Objective: We developed a computerized assessment tool for validation in screening cognitive competency for locked-in patients. The clinical problem is that some locked-in patients (eg. people with ALS) may have difficult to measure cognitive deficits when their response capabilities are severely language or motor impaired.
Method: Our program assesses twenty-four areas of cognitive functioning in attention, language, memory, visual spatial and executive functioning. A technique is used where answers to questions are highlighted by a strobe and a selection is made by a simple motor response (eg. a tap on the computer mouse, or in the future an eye-blinking response). We tested a dementia group, an age matched control group and a student control group.
Results: Using a multivariate anova comparing the three groups, significant differences were found in almost all categories. On one category there were no differences between the three groups, but the test will be kept as a measure of effort. Another category showed no difference between the groups because there was only one question. In Bonferroni post-hoc analyses comparing each group, the demented group performed significantly worse than either control group.
Conclusion: These results confirm that the assessment tool is valid in differentiating between normal and impaired cognitive functioning. The plan is to reduce the length of the test, create cutoff scores for normal cognitive functioning, and create a profile for use with locked-in patients.
The cognitive impairments seen in ALS could cognitively match Dementia. If we use dementia patients as the impaired group, we can first see if the test can differentiate between normal and impaired cognitive functioning.
If the test proves valid, it can be administered to ALS patients, to see which pattern they follow; normal, impaired, or their own.

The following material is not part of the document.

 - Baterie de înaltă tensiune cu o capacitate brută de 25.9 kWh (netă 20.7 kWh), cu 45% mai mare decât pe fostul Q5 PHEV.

The SLIP test will differentiate between normal and impaired cognitive functioning, by the demented group having more incorrect responses than the normal group.
Twenty-eight (13 male, 15 female) age-matched normal cognitive functioning individuals ranging in age from 28 to 79.

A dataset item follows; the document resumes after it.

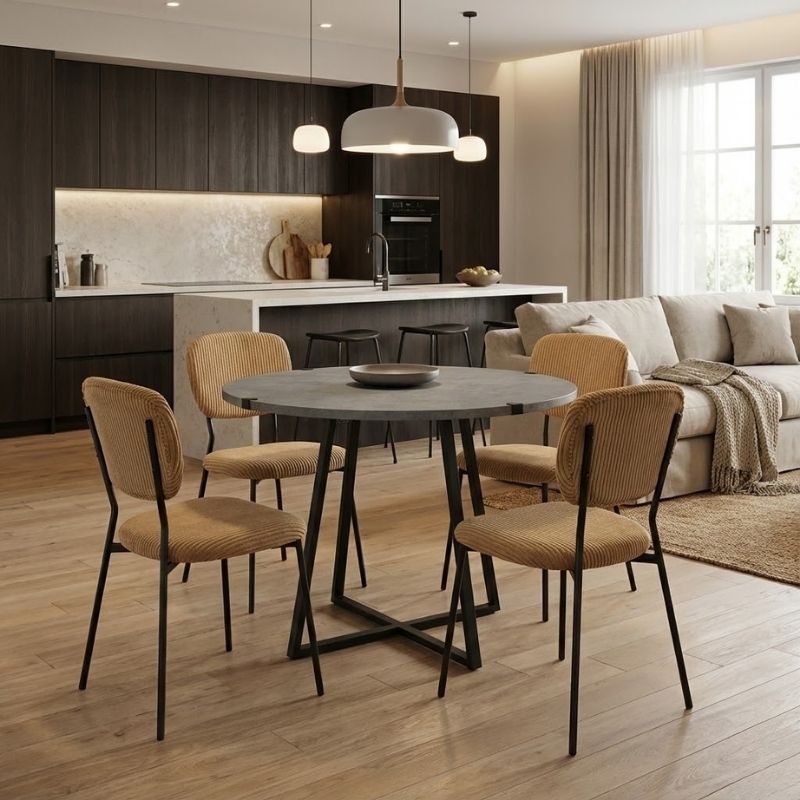 Η τραπεζαρία Rubes – Kevin θα φέρει μία αίσθηση εκλεπτυσμένης κομψότητας στον χώρο σας. Το πλούσιο κοτλέ ύφασμα της καρέκλας χαρίζει ζεστασιά και υφή, ενώ τα μεταλλικά πόδια προσδίδουν μοντέρνο χαρακτήρα και σταθερότητα. Ιδανική επιλογή τόσο για το σπίτι όσο και για επαγγελματικούς χώρους που θέλουν να επικοινωνήσουν ποιότητα και design σε κάθε λεπτομέρεια.

Sixty-one normal cognitive functioning college-aged students were also tested.
Quality of life: orientation, general health and severity of ALS
To compensate for motor and speech impairment, a strobing technique highlights each answer choice and the subject uses a mouse click to respond.
The software is self-narrated for easier use and better reliability, although an experimenter is present for assistance.

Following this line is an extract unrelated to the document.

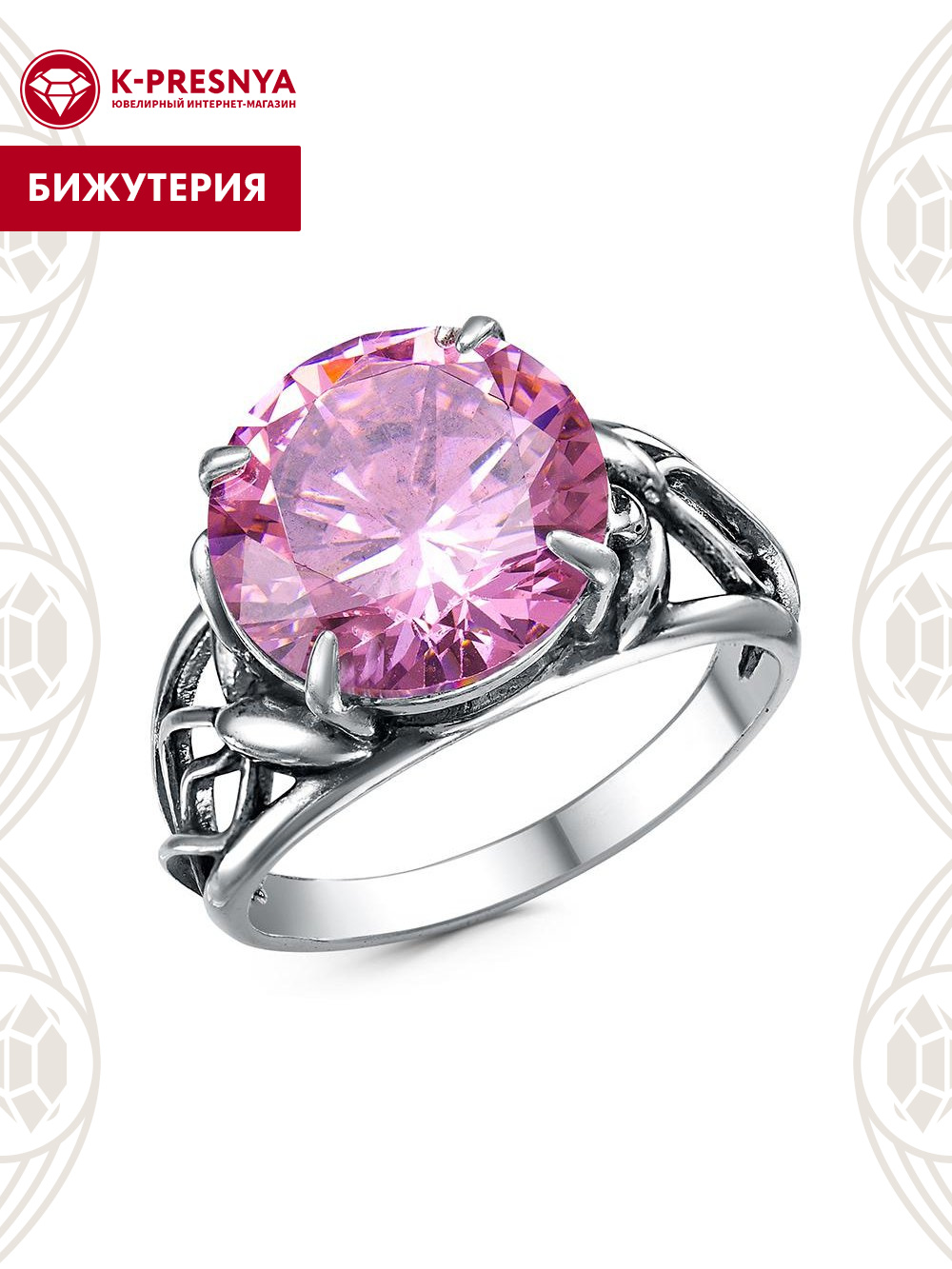 Кольцо бижутерия, покрытие - серебрение с оксидированием, вставка - фианит (недрагоценный камень)

Multivariate ANOVA comparing the three groups:
Language: reading-word identification, reading-sentence completion,naming, matching pictures to phrases, complex comprehension
No significant differences were found on the following tests:
Language: matching shapes to phrases (p=.767)
Post-Hoc Analyses (With Bonferonni Correction):
The demented group performed significantly worse than the age-matched and student controls in the following categories: p<.05
Language: reading-word identification, naming, matching-pictures to phrases, complex comprehension
The demented group performed significantly worse than the students, but not the age-matched control group:
Language: reading-sentence completion (p=.821)
The demented group performed significantly worse than the age-matched control group, but not the student control group:
Memory: remote memory (p=1)
These results mean that the SLIP can differentiate between normal and impaired cognitive functioning.
Tests that did not show a significant difference between the impaired and non-impaired groups were due to either not enough questions within the test or the dementia group performing well. These tests will be revised or excluded from the program.
In order to obtain more reliable and valid results, approximately twenty more dementia patients will be tested.
Cut-off scores will be established for normal and impaired cognitive functioning.
If the test is still valid, an ALS group will be tested to understand their cognitive functioning.